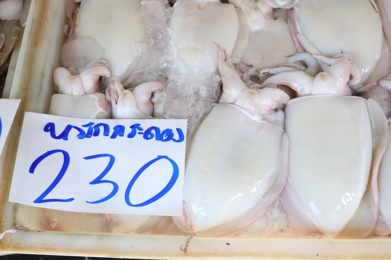 ภายในตลาด พ่อค้าแม่ค้าได้นำอาหารทะเลสดใหม่มาจำหน่ายจำนวนมาก ทั้งกุ้ง หอย ปู ปลา และปลาหมึก จัดเรียงเต็มแผงอย่างสวยงาม ท่ามกลางเสียงเรียกลูกค้า และบรรยากาศการต่อรองราคา ที่สร้างสีสันให้กับตลาด ซึ่งยังคงเป็นแหล่งจำหน่ายอาหารทะเลสำคัญของจังหวัดสมุทรสาคร
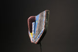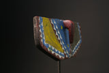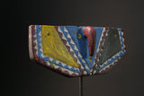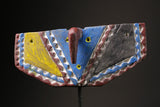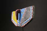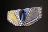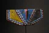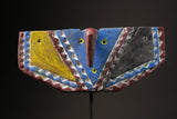 African Wall Decor Plank Mask, painted by the Bwa people from central Burkina Faso and Mali. They are a Gur people, speaking Gur languages. While the Bobo people, also from Burkina Faso, speak the Bobo language, a Mande language. Both these masks are are Bwa Hawk or Owl masks, we believe. The way to tell the difference between a Butterfly and an Owl mask is the Butterfly has a continuation of round circles on the wings and the Owl does not. The Southern Bwa are known for their tall plank masks and tend to use wood to make their masks.
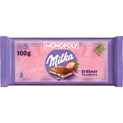 Mléčná čokoláda ze 100% alpského mléka je plněná jogurtovou náplní s jahodovou příchutí.
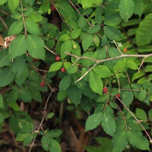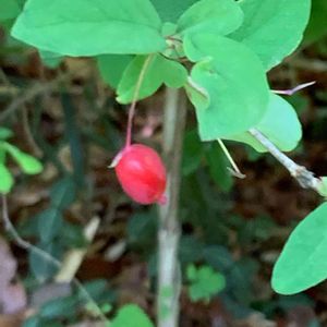 林の中の小川沿に、水面上に垂れ下がるように枝が伸びています。 鮮やかな葉の色で、前からずっと気になっていたんですが、赤い実がさくらんぼみたいに対になって付き始めています。 →ウグイスカグラ(鶯神楽)だと教えて頂きました♪
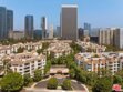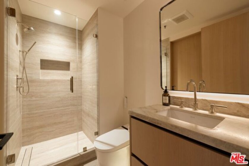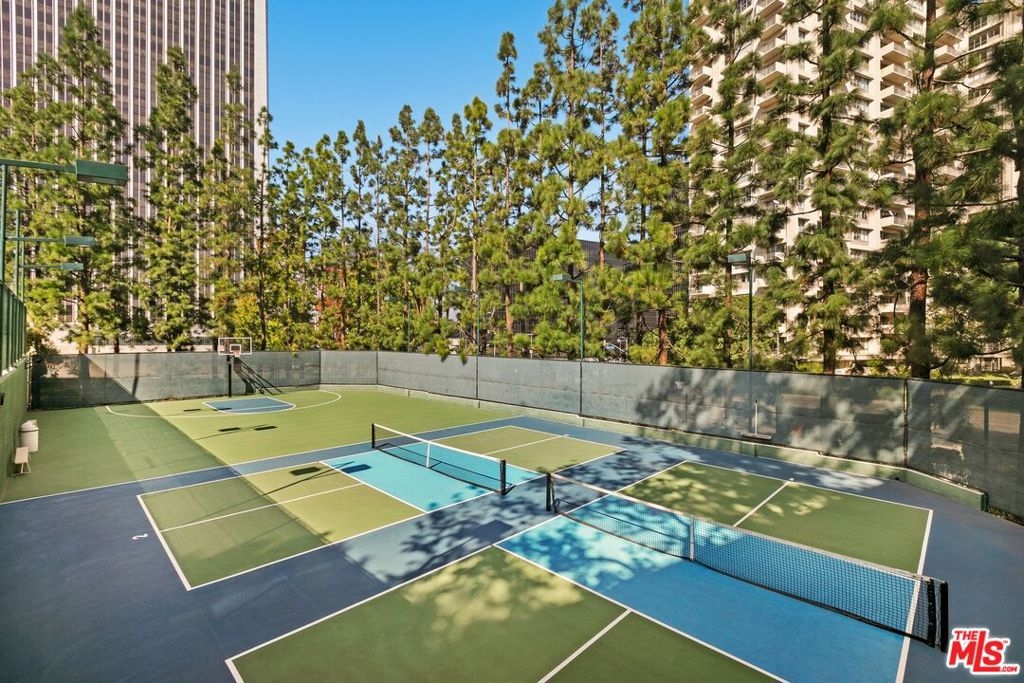 Rare Top Floor High Ceiling fully remodeled 3-bedroom, 2.5-bath residence with dual balconies the exclusive Century Park Place, a lush 14-acre, low-rise complex with 24-hour guard-gated security, three pools, tennis courts, a dedicated fitness center, and sauna, just moments from Rodeo Drive and Westfield Century City Mall. Every detail reflects a design-forward vision executed with lasting functionality and exquisite taste. Italian oak floors, a wood-paneled entryway wall, and soaring ceilings with architectural recessed lighting set the tone the moment you step inside. The kitchen is perfected by natural light pouring through breakfast nook windows, bathing custom Italian designed cabinetry, full Miele appliances, built-in beverage refrigerator, and imported Calacatta countertops that extend seamlessly up the backsplash. A complementary wet bar in the adjacent dining room mirrors the stone counters and cabinetry, completing the intention. Twenty-two-foot ceilings and sliding glass walls give the great room its heart, anchored by a travertine corner fireplace with direct balcony access. The primary bedroom frames views of the Hollywood Sign, Griffith Observatory, and the Hollywood Hills, with balcony access, a custom Large Italian designed walk-in closet, and a spa bathroom featuring dual sinks, freestanding tub, travertine tile walk-in shower, frosted glass water closet, and cove ceilings with custom lighting. Two additional bedrooms offer custom closets, solid wood doors, motorized shades, and sliding glass doors to the balcony. One en-suite and a powder room are finished in butterfly-matched Taj Mahal stone slabs, contrasting white oak, Phylrich hardware, and automated smart toilets. The large laundry room features a full size LG washer dryer (Vented) with matching stone countertops and custom cabinetry.The residence is fully equipped with Nest smart home heating and cooling, motorized shades, Lutron lighting, remote-accessible deadbolt, Ring security, built-in speakers, brand-new HVAC, Italian wood flooring, non-toxic eco paint, and a completely rewired electrical system. Nothing spared, this home is built to enjoy every day and last a lifetime.
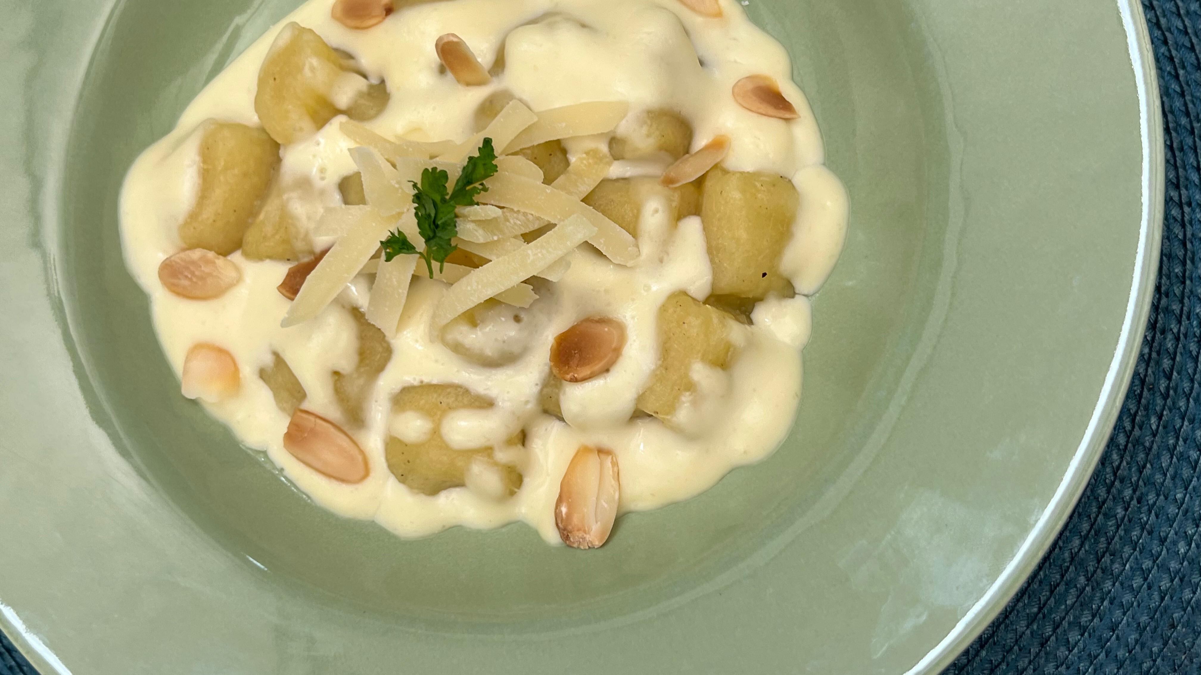 Nhoque Quatro Queijos. Foto: Roberta Salgueiro Maciez de nuvem, sabor aconchegante e cremosidade de sobra: o Nhoque aos Quatro Queijos da chef Rosana Neres prova que comfort‑food não precisa ser complicada. A receita une o nhoque caseiro feito com batata inglesa, parmesão ralado e um toque de noz‑moscada a um molho exuberante preparado com muçarela, provolone, parmesão e requeijão, finalizado com creme de leite para atingir a textura aveludada perfeita.
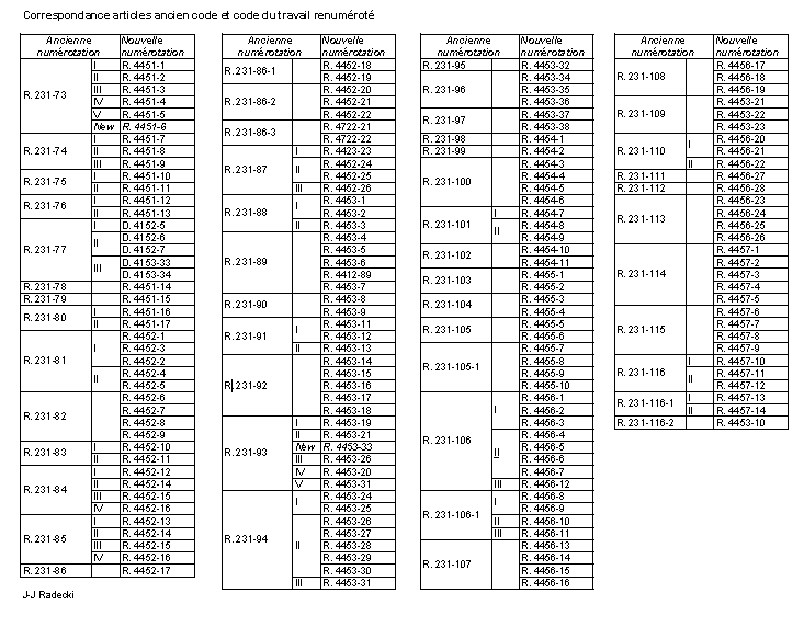 Ce même code du travail a été renuméroté. La dernière version du texte date du 7 mars 2008 (décret n°2008-244).
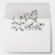Roses. orchids, a peony bud and eucalyptus and greenery leaves, hand-drawn in graphite pencil and layered, make for a modern, sophisticated, elegant and chic wedding envelope that is a modern take on a traditional floral wedding wreath frame. The texture of the black and white pencil shows through the paper, giving it a sense of effortless elegance. The frame is also an updated version of a classic, giving the design structure but keeping a sense of modern freshness. The pearl coloured background on the back gives a very subtle spot of colour that supports that very fine gold thread running through the frame and some of the greenery. A QR code template is available on the back.

☆ ☆ ☆ ☆ ☆ ☆ ☆

▶ What you need to do:
Starting at the line that contains "Ce même code", output every line through the end of the data, both ends included, and nothing else; pictures stay out.

▶ Answer to this problem:
 Ce même code du travail a été renuméroté. La dernière version du texte date du 7 mars 2008 (décret n°2008-244).
Roses. orchids, a peony bud and eucalyptus and greenery leaves, hand-drawn in graphite pencil and layered, make for a modern, sophisticated, elegant and chic wedding envelope that is a modern take on a traditional floral wedding wreath frame. The texture of the black and white pencil shows through the paper, giving it a sense of effortless elegance. The frame is also an updated version of a classic, giving the design structure but keeping a sense of modern freshness. The pearl coloured background on the back gives a very subtle spot of colour that supports that very fine gold thread running through the frame and some of the greenery. A QR code template is available on the back.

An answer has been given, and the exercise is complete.